Which, of course, is pretty easy to do to me. If you want to see me cry happy tears, just put on Rudy. It works. Every. Time.

One day, we ran into a gigantic bearded fellow who thru-hiked in 1980 and cooked everyone ham and cobbler on an open fire for lunch. It was awesome. We took 3 hours in the middle of the day to talk, share tasty food, and talk about life, philosophy, and the finer points of hiking. It was wonderful, and it was the kind of thing that I would have never done if I was just pressing onward all day, everyday. He was an incredibly kind man, who gave us lots of advice, and was so happy to share his food with us. He refused money, and he made us all promise to do something kind and selfless for someone else, and said that would be repayment enough.

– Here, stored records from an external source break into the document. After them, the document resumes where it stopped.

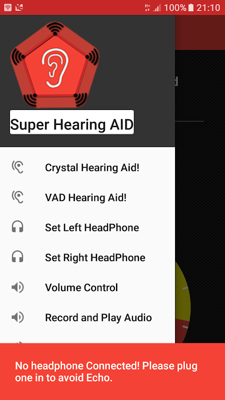 solicitud de ayuda de Super Audiencia sobre la base de su teléfono móvil, se amplifica el sonido del micrófono directamente a los auriculares para dar audiencia mejorada y que está diseñado para ayudar a las personas con discapacidad auditiva. Como una herramienta de mejora para los sordos, que será útil en la comunicación, la educación y el entretenimiento. se ejecuta mismos principios que el audífono portátil convencional. Ahora Obtener voz cristalina con una ayuda de tu teléfono móvil!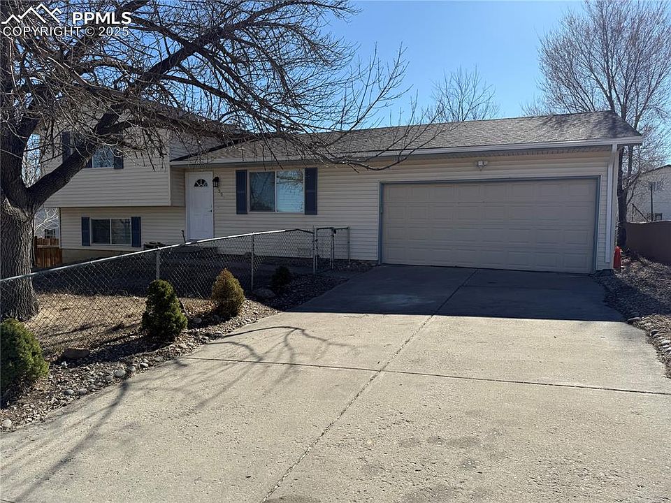 This beautifully remodeled 3-bedroom, 2-bathroom tri-level home with a 2-car attached garage is move-in ready and conveniently located near Fort Carson and downtown Colorado Springs. Recent upgrades include new windows, blinds, doors, and fresh paint throughout, including the garage. The kitchen boasts new cabinets, quartz countertops, and stainless steel appliances. New LVP flooring has been installed in the living room and kitchen, while new laminate flooring, enhances the upstairs bedrooms. Bathrooms have been updated with new vanities, countertops, and lighting. Additional improvements include new interior and exterior lighting, light switches, outlets, and a new water heater. Garage is twenty three feet deep and the driveway length is thirty three feet opening the driveway for a variety of vehicles. Professionally serviced, the home has undergone an electrical panel inspection, a furnace tune-up, and a main sewer line cleanup. It also features a bonus storage space, sunroom, a spacious garage, and last but not least. There is no HOA. This place is ready to become yours, schedule your showing today.
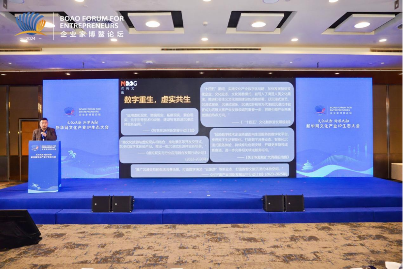 2024企业家博鳌论坛平行论坛新华网文化产业IP生态大会于12月4日在海南博鳌举行。本次大会由新华社品牌工作办公室、新华网、新华社海南分社联合主办,以“文化焕新 跨界共融”为主题,汇聚了地方政府文旅机构、文化行业协会、文化事业单位、智库机构和文化企业等各界代表,共同围绕文化产业发展的新路径与新模式,展开了深入有效的交流与探讨,携手共建发展赋能平台。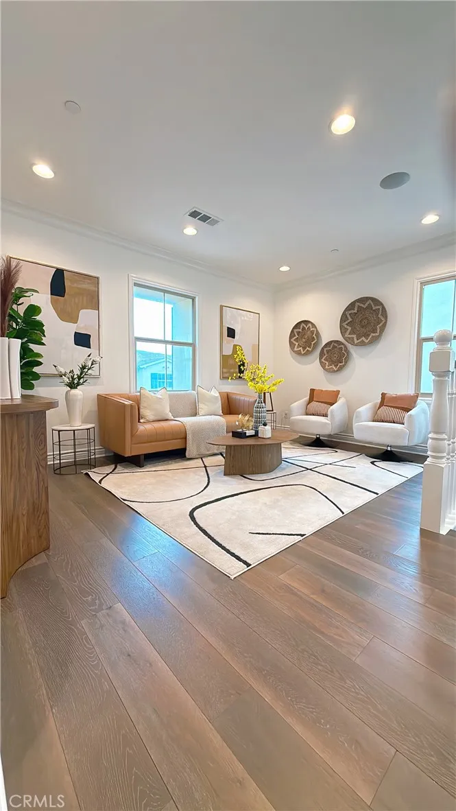 Exquisite Luxury Living at 54 Hearst, Irvine A Stonegate Village Gem Nestled in the prestigious community of Stonegate Village in Irvine, this stunning 4-bedroom, 4.5-bathroom home with a loft offers the perfect blend of elegance, comfort, and modern functionality. Step inside to discover a gourmet chefs kitchen designed to impress, featuring a large center island, quartz countertops, full stone backsplash, designer cabinetry, walk-in pantry, and top-of-the-line stainless steel appliancesincluding a refrigerator, 6-burner range, oven, microwave, and wine fridge. The open-concept main floor is ideal for both entertaining and everyday living, with a spacious living room, formal entry, and a seamless indoor-outdoor flow into the California room. A main-floor bedroom with full en-suite bath, beautiful wood flooring, cozy fireplace, and recessed lighting throughout complete the elegant ambiance. Upstairs, the luxurious primary suite showcases a tray ceiling with crown molding, a custom walk-in closet, dual vanities, a tempered glass shower, and a relaxing soaking tub. Each secondary bedroom includes its own en-suite bathroom, and the spacious loft offers flexible living space for a home office, playroom, or media area. Step outside to your cute, private backyard oasis, filled with charm and functionalityfeaturing more than 8 fruit and citrus trees that bring seasonal color, fragrance, and fresh produce right to your door. Whether youre entertaining guests or enjoying a quiet morning coffee, this yard offers the perfect outdoor retreat. Sustainable upgrades include 9 solar panel

Its funny how being in the woods with pretty much nothing makes people even more generous. There are no status symbols in the woods, money means pretty much nothing because you can’t buy anything when you are 50 miles from town, and kindness and trust become more valuable than success or competition. Hikers are an odd breed, but some of the kindest and most thoughtful people you could ask to meet. Also, they smell bad.

At first I was very hesitant to let go of my lofty goal of completing the AT this summer, but now I’m quite happy now to no longer consider myself a thru-hiker. Now, in the vernacular of the trail, I am known as a LASH-er (Long A** Section Hiker). This summer I will backpack for 3 months, get as far as I get, and have lots of stories to tell after it’s over. And you can bet your boots I will be back to try and finish the AT

NUMBERS OF STUFF THAT HAPPENED SINCE MAY 8th

Bears I’ve seen: 5 (3 adult, 2 cubs)

Showers: 7

Cans of Yoo-hoo I’ve had: 8

Number of times I lost my wallet in the woods, with my debit card, credit card, ID, insurance card, and $40 in cash in it: 1

Number of times a good Samaritan drove an hour to return my wallet, cash and all, 2 days later: 1

When I mention I’m from Chapel Hill, the number of times the conversation goes immediately to college basketball: 10

Number of steps it takes to finish the AT:  5 million

Number of times I have heard that stat: 9 million

Number of times I have pooped in the woods: too many to count. Toilets are a nice thing. I miss them.

Number of people named “Hillbilly” I’m actively avoiding: 1

That’s all for now! More updates as I hike Virginia!